What is required => Retype the listing below line for line, but only from the line with "- selling 2" down to the line with "這一區的牛仔褲全面都是399", inclusive. Pictures stay out.

Source data =>
::::::::::
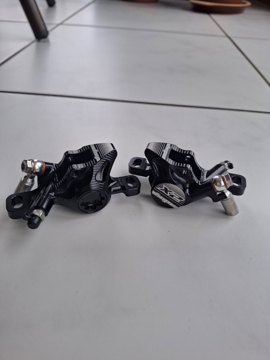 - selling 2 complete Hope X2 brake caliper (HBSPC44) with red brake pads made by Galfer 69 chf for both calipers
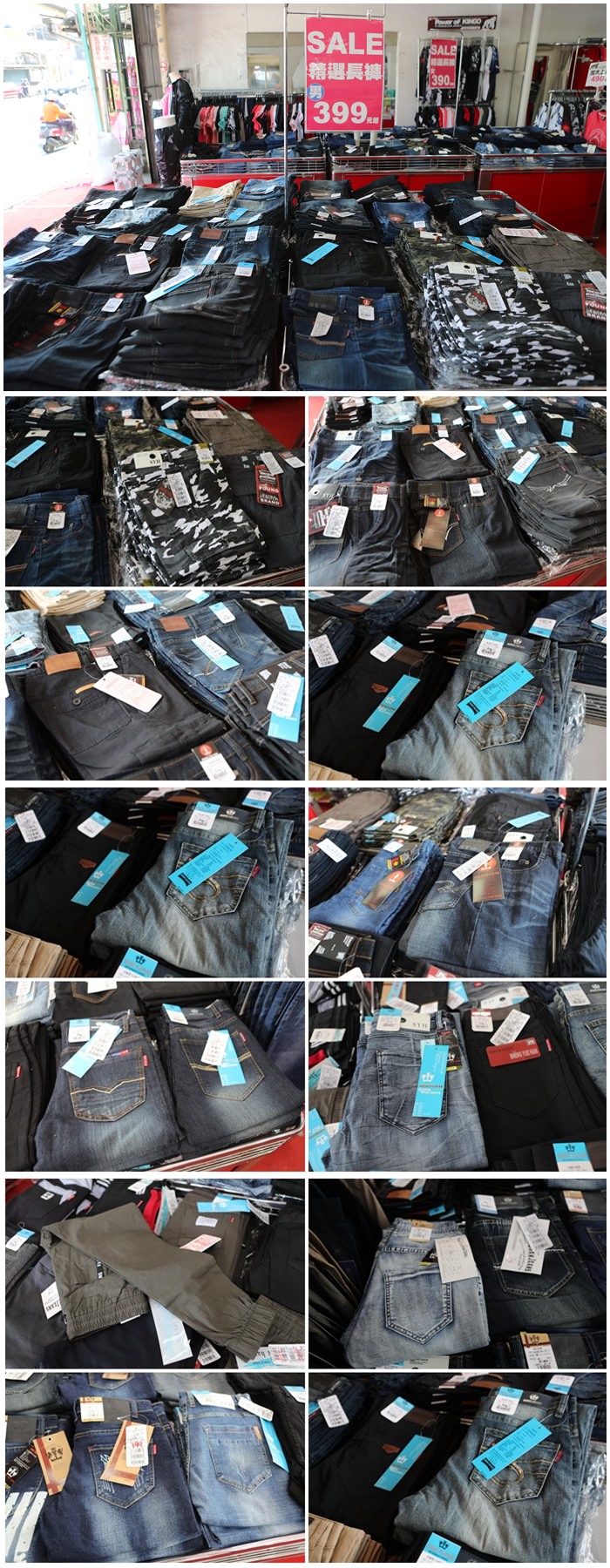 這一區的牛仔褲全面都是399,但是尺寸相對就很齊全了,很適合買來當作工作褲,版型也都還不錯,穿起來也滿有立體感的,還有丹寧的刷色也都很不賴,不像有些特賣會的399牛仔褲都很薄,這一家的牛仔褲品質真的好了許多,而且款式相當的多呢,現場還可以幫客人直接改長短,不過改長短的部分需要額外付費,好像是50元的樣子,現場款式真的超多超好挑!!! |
::::::::::
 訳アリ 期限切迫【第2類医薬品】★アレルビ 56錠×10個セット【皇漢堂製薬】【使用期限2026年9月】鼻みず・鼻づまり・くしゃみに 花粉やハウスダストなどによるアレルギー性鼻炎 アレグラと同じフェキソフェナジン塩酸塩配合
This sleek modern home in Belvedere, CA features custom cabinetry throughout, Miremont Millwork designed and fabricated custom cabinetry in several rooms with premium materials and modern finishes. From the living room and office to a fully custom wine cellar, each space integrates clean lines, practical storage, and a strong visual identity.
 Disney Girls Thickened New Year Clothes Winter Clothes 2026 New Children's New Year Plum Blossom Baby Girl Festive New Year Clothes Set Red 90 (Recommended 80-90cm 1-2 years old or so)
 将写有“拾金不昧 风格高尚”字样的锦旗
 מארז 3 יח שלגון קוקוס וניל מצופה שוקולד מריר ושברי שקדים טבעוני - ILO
::::::::::
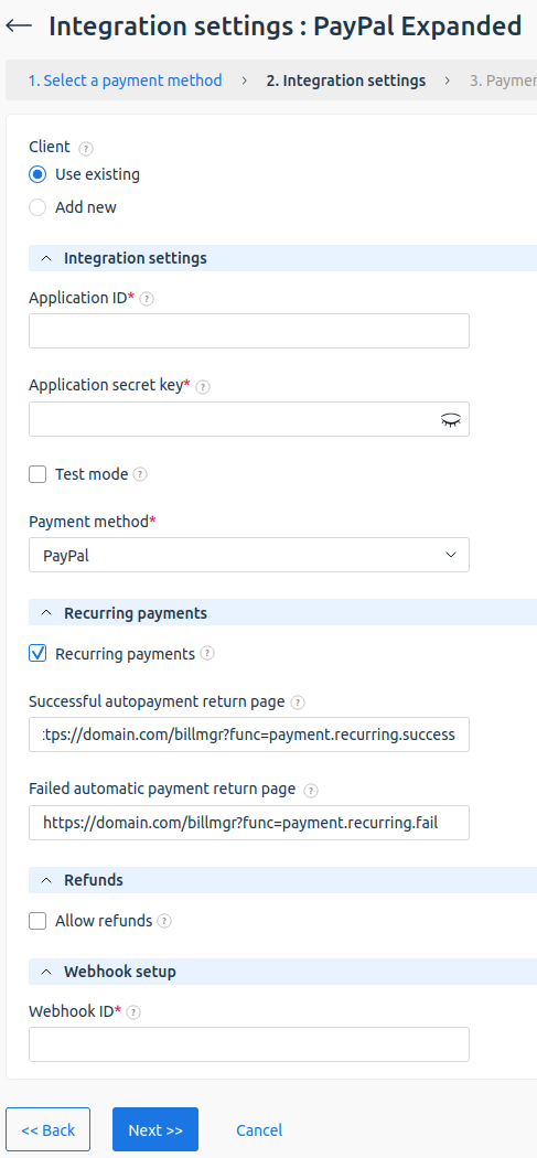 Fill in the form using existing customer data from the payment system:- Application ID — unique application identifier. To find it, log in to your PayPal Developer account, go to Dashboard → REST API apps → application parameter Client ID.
::::::::::
Result for this exercise =>
 - selling 2 complete Hope X2 brake caliper (HBSPC44) with red brake pads made by Galfer 69 chf for both calipers
 這一區的牛仔褲全面都是399,但是尺寸相對就很齊全了,很適合買來當作工作褲,版型也都還不錯,穿起來也滿有立體感的,還有丹寧的刷色也都很不賴,不像有些特賣會的399牛仔褲都很薄,這一家的牛仔褲品質真的好了許多,而且款式相當的多呢,現場還可以幫客人直接改長短,不過改長短的部分需要額外付費,好像是50元的樣子,現場款式真的超多超好挑!!! |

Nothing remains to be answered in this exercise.